Attachment forces of the hemelytra-locking mechanisms in aquatic bugs (Heteroptera: Belostomatidae)

Abstract

Combined hemelytra-locking system of Heteroptera, consisting of several locking mechanisms, aids the mechanical stabilisation of the body at rest, resists external loads, and keeps air stored with the option to easily unlock hemelytra prior to flight. The resistance to unlocking of the hemelytron was measured (in mN) with the aid of a load cell force transducer combined with a three-axial micromanipulator. It is shown that macro- and microstructural features of several submechanisms are responsible for their directionality. The highest resistance to unlocking was measured in lateral and dorsal directions. Summarised force of separately measured submechanisms was considerably lower than the force measured in the combined mechanism. Each submechanism is optimised for achieving high resistance to the hemelytron uncoupling in particular direction(s) and to be easily unlocked in another direction. It was demonstrated in the high-speed videorecordings that hemelytra uncoupling is promoted by their short anterior displacement.

Introduction

There are two functionally different groups of wing-locking mechanisms in Heteroptera: the first one serves for interlocking hindwings to hemelytra in flight and the second one for coupling both wing pairs to the body in the resting position. The first mechanism is responsible for the functional diptery, whereas the second one provides an additional mechanical stability to the body keeping hindwings dry and clean, and also preventing water loss.

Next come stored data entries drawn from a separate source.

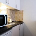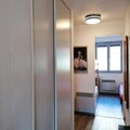 The apartment features a fully equipped open kitchen with a combined microwave oven, refrigerator, ceramic hob, dishwasher, and essential appliances like a coffee maker, kettle, toaster, and even a raclette grill for cozy evenings. The bathroom includes a bathtub, and the WC is separate. With a large wardrobe at the entrance, this apartment is designed for comfort and convenience.
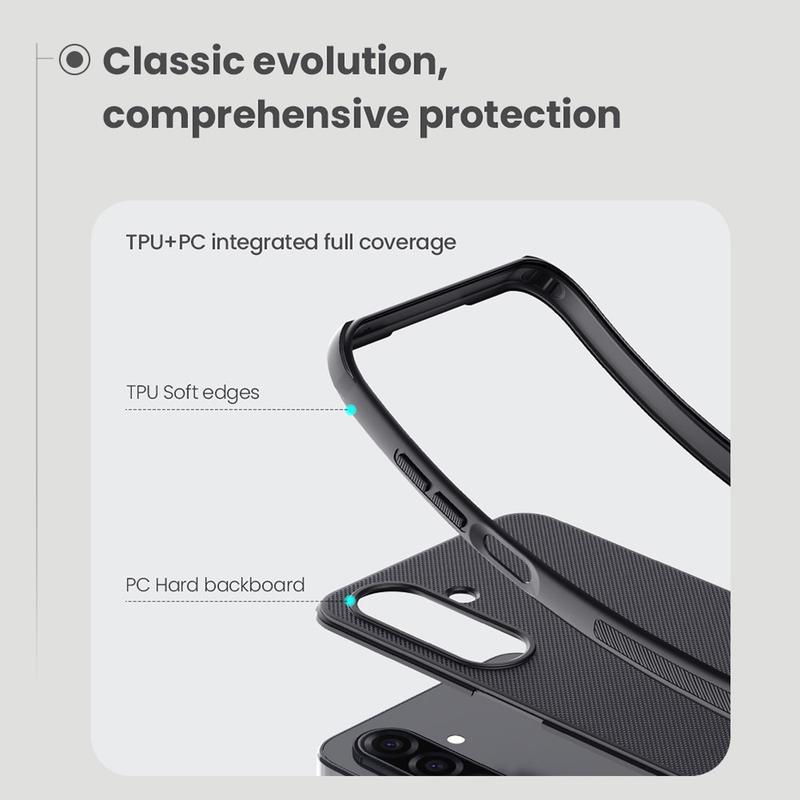 Die Nillkin Frosted Shield Pro Magnetic Hybridhülle bietet ein angenehmes Tragegefühl und starken Schutz vor täglicher Abnutzung. Dank der Kombination aus umweltfreundlichem PC und flexiblem TPU ist Ihr Samsung Galaxy A17 bestens geschützt. Die Hybridhülle Nillkin Frosted Shield Pro Magnetic enthält außerdem einen integrierten Magnetring, der mit kabellosem Laden kompatibel ist, sodass Sie Ihr Samsung Galaxy A17 von nun an mit der Hülle aufladen können.
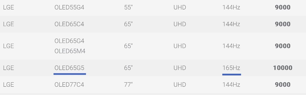 而根据行业标准组织视频电子标准协会(VESA)的 ClearMR 认证,65 英寸的 LG OLED65G5 电视在 4K 分辨率(3840 x 2160 像素)下刷新率达到了 165Hz。作为对比,2024 款 G4 OLED 刷新率为 144Hz,更早型号刷新率为 120Hz。
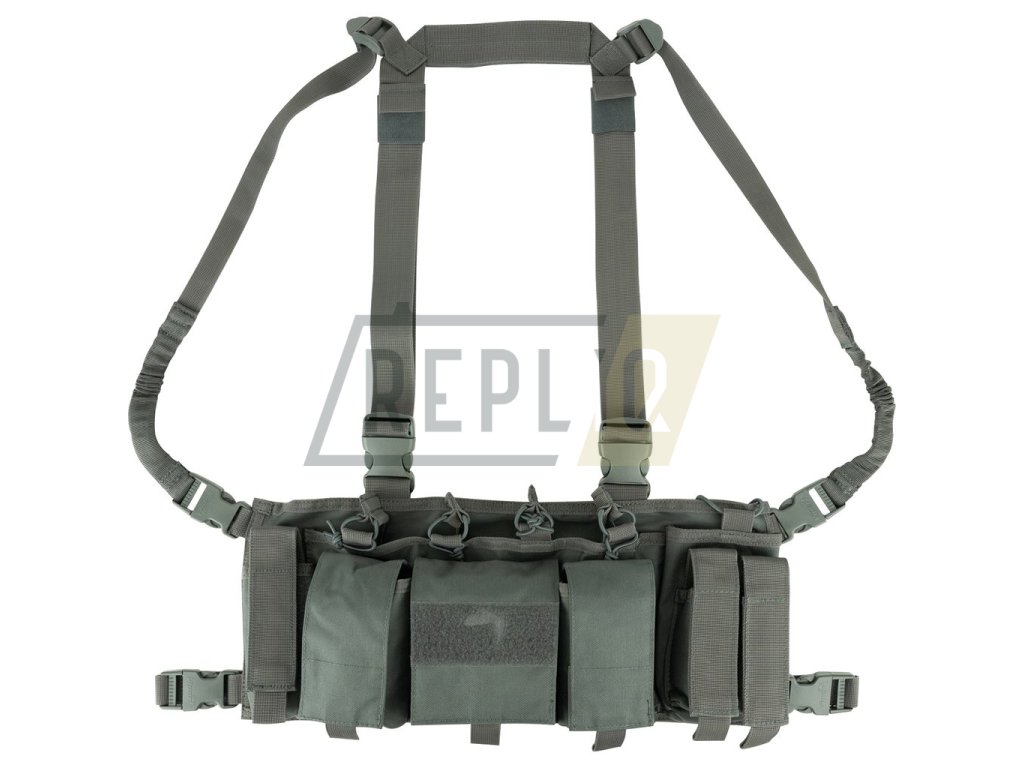 Ramenní popruhy mají tvar písmene H, jsou nepolstrované a délkově nastavitelné v přední i zadní části. Navíc je možné regulovat i jejich rozteč pomocí spojovací "příčky" ze suchého zipu na zádech. Bederní i ramenní popruhy jsou částečně odpružené, což umožňuje chest rig řádně dotáhnout na tělo, aniž by bránil v pohybu či dýchání. V případě nutnosti je možné vestu snadno rozepnout a shodit z těla díky šestici přezek fastex.
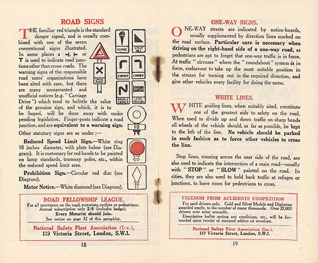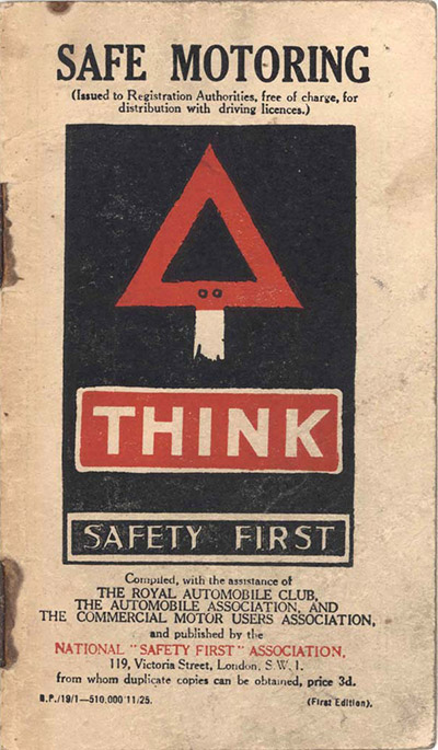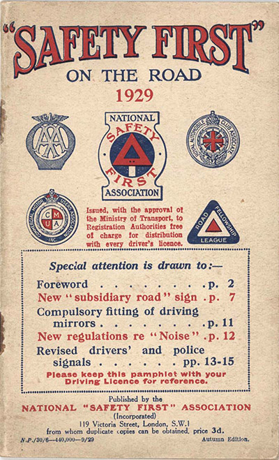 During the 1920s the number of vehicles on British roads continued to increase and without a statutory requirement for demonstrating a satisfactory standard of competence to drive, road conditions became increasingly hazardous with many fatal crashes. A private initiative in 1923 was the founding of the National ‘Safety First’ Association which issued booklets containing a large number of hints and tips on safer driving. (In 1941 the Association was renamed the Royal Society for the Prevention of Accidents.) |

Because of the importance of the above mentioned functions, an ability to lock their wings to the body developed convergently in diverse insect groups (Gorb, 2001). Such wing-to-body locking devices have different designs and working principles in various insect groups. Many species can fix their wings to the thorax by the use of co-opted fields of cuticular outgrowths, such as spines, chetae, acanthae, microtrichia (Richards and Richards, 1979), located on the functionally corresponding surfaces of the thorax and wings (Richards, 1951). In Dermaptera, corresponding structures of two medio-dorsal thoracic fields and medial folds at the margins of covering wings consist of setae (Haas, 1995). Thoracic and wing fields may also consist of microtrichia, as those in representatives of Symphyta (Hymenoptera) (Schrott, 1986) and Chironomidae (Diptera) (Rodova, 1980). Wing-locking system based on microtrichia fields, also occurs in beetles (Coleoptera) (Baehr, 1980, Hammond, 1989, Samuelson, 1994, Samuelson, 1996). The beetle system is probably the most complex one regarding the shape of co-opted macrostructures, the number and directionality of fields of microtrichia involved (Gorb, 1998, Gorb, 1999, Haas and Beutel, 2001).

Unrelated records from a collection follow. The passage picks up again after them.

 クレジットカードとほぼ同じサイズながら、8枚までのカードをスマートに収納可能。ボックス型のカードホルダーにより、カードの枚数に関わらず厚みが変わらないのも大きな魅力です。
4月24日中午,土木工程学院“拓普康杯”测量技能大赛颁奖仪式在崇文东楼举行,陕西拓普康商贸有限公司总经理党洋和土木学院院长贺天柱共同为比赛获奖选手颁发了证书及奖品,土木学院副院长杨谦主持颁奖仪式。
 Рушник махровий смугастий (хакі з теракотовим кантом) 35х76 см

In aquatic Heteroptera, wings have an additional function: the space under the wings is used for air storage (Schuh and Slater, 1995). The hemelytra-locking mechanism takes part in sealing the space under the wings thus preventing air loss (Parsons, 1972). The mechanism can be divided into two types: those locking both hemelytra with each other and those locking the hemelytra to the body. Hemelytron-to-hemelytron locking mechanisms are (1) brush-to-brush system and (2) clavus–clavus clamp. Hemelytra-to-body locking mechanisms are (3) subcostal border of the hemelytra—lateral mesepimeron, (4) knob-and-socket system, (5) scutellum groove—clavus (Gorb and Perez Goodwyn, 2003).

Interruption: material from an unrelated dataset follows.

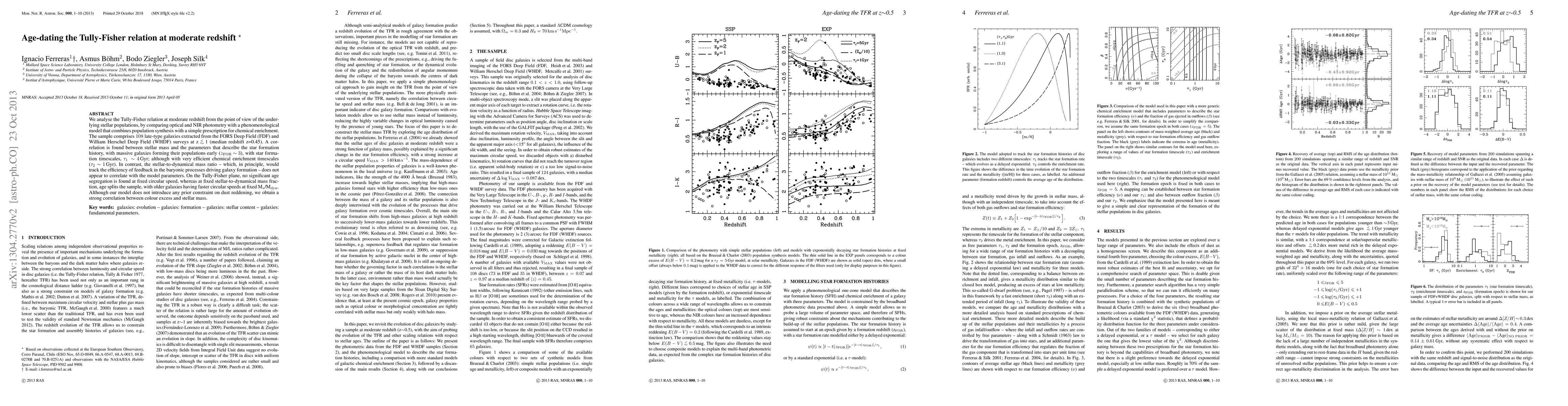 We analyse the Tully-Fisher relation at moderate redshift from the point of view of the underlying stellar populations, by comparing optical and NIR photometry with a phenomenological model that combines population synthesis with a simple prescription for chemical enrichment. The sample comprises 108 late-type galaxies extracted from the FORS Deep Field (FDF) and William Herschel Deep Field (WHDF) surveys at z<1 (median redshift z=0.45). A correlation is found between stellar mass and the parameters that describe the star formation history, with massive galaxies forming their populations early (zFOR~3), with star formation timescales, tau1~4Gyr; although with very efficient chemical enrichment timescales (tau2~1Gyr). In contrast, the stellar-to-dynamical mass ratio - which, in principle, would track the efficiency of feedback in the baryonic processes driving galaxy formation - does not appear to correlate with the model parameters. On the Tully-Fisher plane, no significant age segregation is found at fixed circular speed, whereas at fixed stellar-to-dynamical mass fraction, age splits the sample, with older galaxies having faster circular speeds at fixed Ms/Mdyn. Although our model does not introduce any prior constraint on dust reddening, we obtain a strong correlation between colour excess and stellar mass.

The wing-locking mechanisms have been morphologically described (Poisson, 1924, Poisson, 1951, Cobben, 1957, Gorb and Perez Goodwyn, 2003), but the mechanical properties and functional significance of the single submechanisms have not been analysed previously. The objective of the present study was to measure the unlocking force of each wing-locking mechanism and that of the complete system of several locking mechanisms working together in aquatic bugs from the family Belostomatidae, in order to understand functional significance of morphological structures at the local and on global scales. We asked the following questions: Are there differences in the resistance among different unlocking directions? Is locking easier than unlocking? Do different locking mechanisms use different working principles? Is there combined working between mechanisms?